→ EXERCISE OBJECTIVE: Drop every picture, then transcribe the remaining data exactly.

→ DATASET EXCERPT:
########

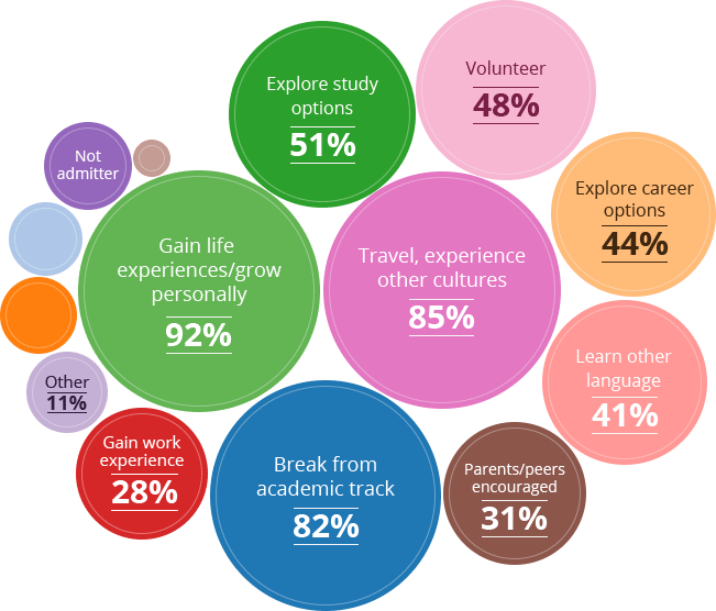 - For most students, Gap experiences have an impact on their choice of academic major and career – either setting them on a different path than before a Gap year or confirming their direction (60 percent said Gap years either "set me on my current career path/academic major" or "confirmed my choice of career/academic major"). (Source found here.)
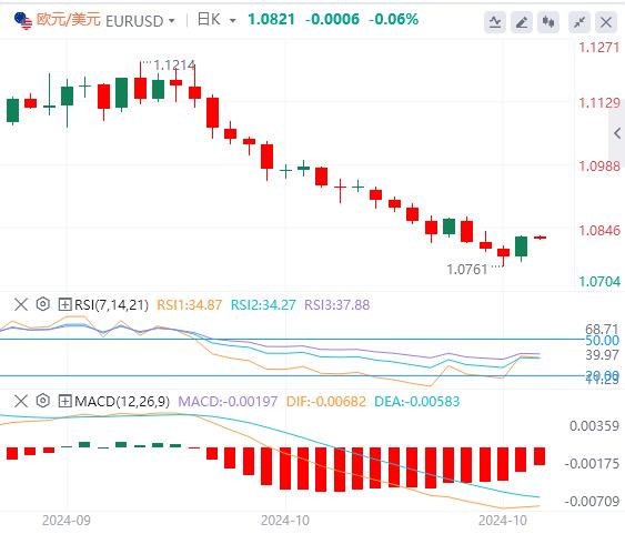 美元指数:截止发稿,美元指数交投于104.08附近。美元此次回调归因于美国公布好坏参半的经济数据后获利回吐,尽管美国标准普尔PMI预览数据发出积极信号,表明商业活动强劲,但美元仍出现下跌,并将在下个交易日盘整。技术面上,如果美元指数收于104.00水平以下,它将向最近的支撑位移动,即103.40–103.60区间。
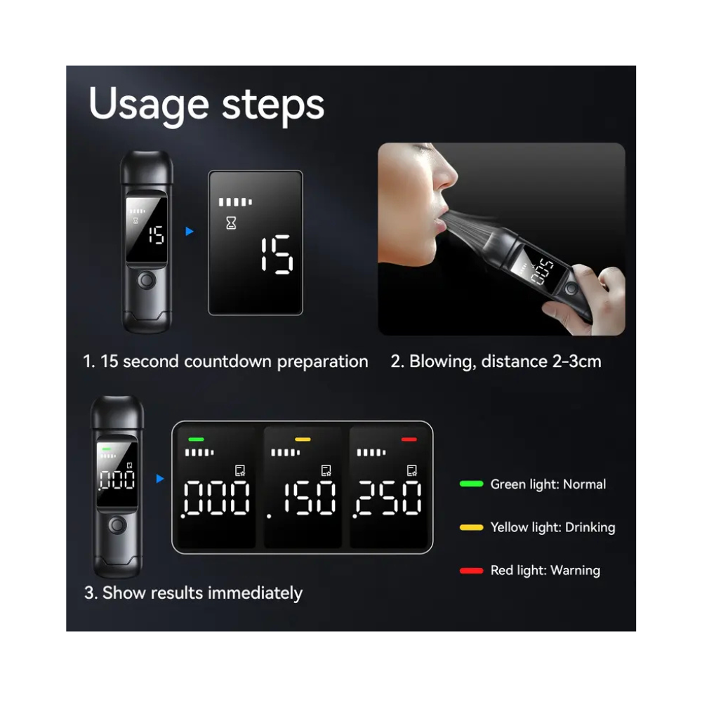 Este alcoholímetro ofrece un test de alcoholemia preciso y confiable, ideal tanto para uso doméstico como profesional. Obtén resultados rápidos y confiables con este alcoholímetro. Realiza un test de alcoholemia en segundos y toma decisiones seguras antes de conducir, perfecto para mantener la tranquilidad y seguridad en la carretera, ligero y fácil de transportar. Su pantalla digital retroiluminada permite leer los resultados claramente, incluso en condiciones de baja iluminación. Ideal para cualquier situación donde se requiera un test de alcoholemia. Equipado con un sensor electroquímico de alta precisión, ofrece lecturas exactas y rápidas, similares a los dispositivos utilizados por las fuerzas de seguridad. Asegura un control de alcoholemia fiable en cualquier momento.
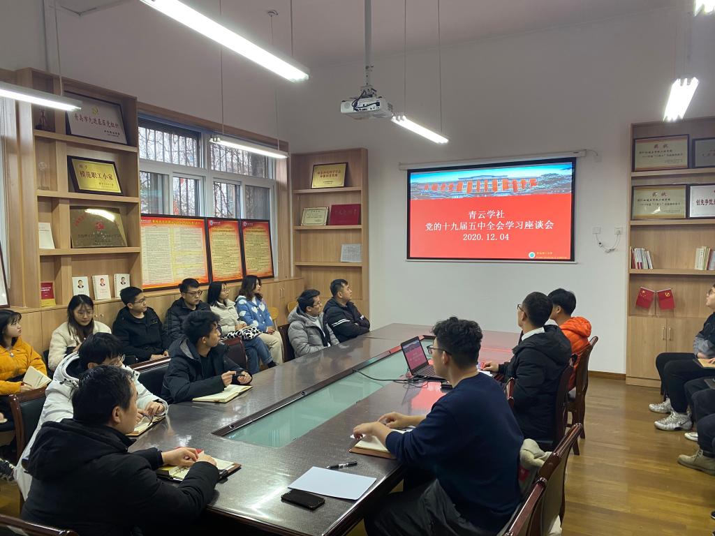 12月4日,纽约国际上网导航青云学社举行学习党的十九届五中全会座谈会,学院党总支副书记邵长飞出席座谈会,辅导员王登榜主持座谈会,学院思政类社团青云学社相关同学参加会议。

########

→ REPLY:
 - For most students, Gap experiences have an impact on their choice of academic major and career – either setting them on a different path than before a Gap year or confirming their direction (60 percent said Gap years either "set me on my current career path/academic major" or "confirmed my choice of career/academic major"). (Source found here.)
 美元指数:截止发稿,美元指数交投于104.08附近。美元此次回调归因于美国公布好坏参半的经济数据后获利回吐,尽管美国标准普尔PMI预览数据发出积极信号,表明商业活动强劲,但美元仍出现下跌,并将在下个交易日盘整。技术面上,如果美元指数收于104.00水平以下,它将向最近的支撑位移动,即103.40–103.60区间。
 Este alcoholímetro ofrece un test de alcoholemia preciso y confiable, ideal tanto para uso doméstico como profesional. Obtén resultados rápidos y confiables con este alcoholímetro. Realiza un test de alcoholemia en segundos y toma decisiones seguras antes de conducir, perfecto para mantener la tranquilidad y seguridad en la carretera, ligero y fácil de transportar. Su pantalla digital retroiluminada permite leer los resultados claramente, incluso en condiciones de baja iluminación. Ideal para cualquier situación donde se requiera un test de alcoholemia. Equipado con un sensor electroquímico de alta precisión, ofrece lecturas exactas y rápidas, similares a los dispositivos utilizados por las fuerzas de seguridad. Asegura un control de alcoholemia fiable en cualquier momento.
 12月4日,纽约国际上网导航青云学社举行学习党的十九届五中全会座谈会,学院党总支副书记邵长飞出席座谈会,辅导员王登榜主持座谈会,学院思政类社团青云学社相关同学参加会议。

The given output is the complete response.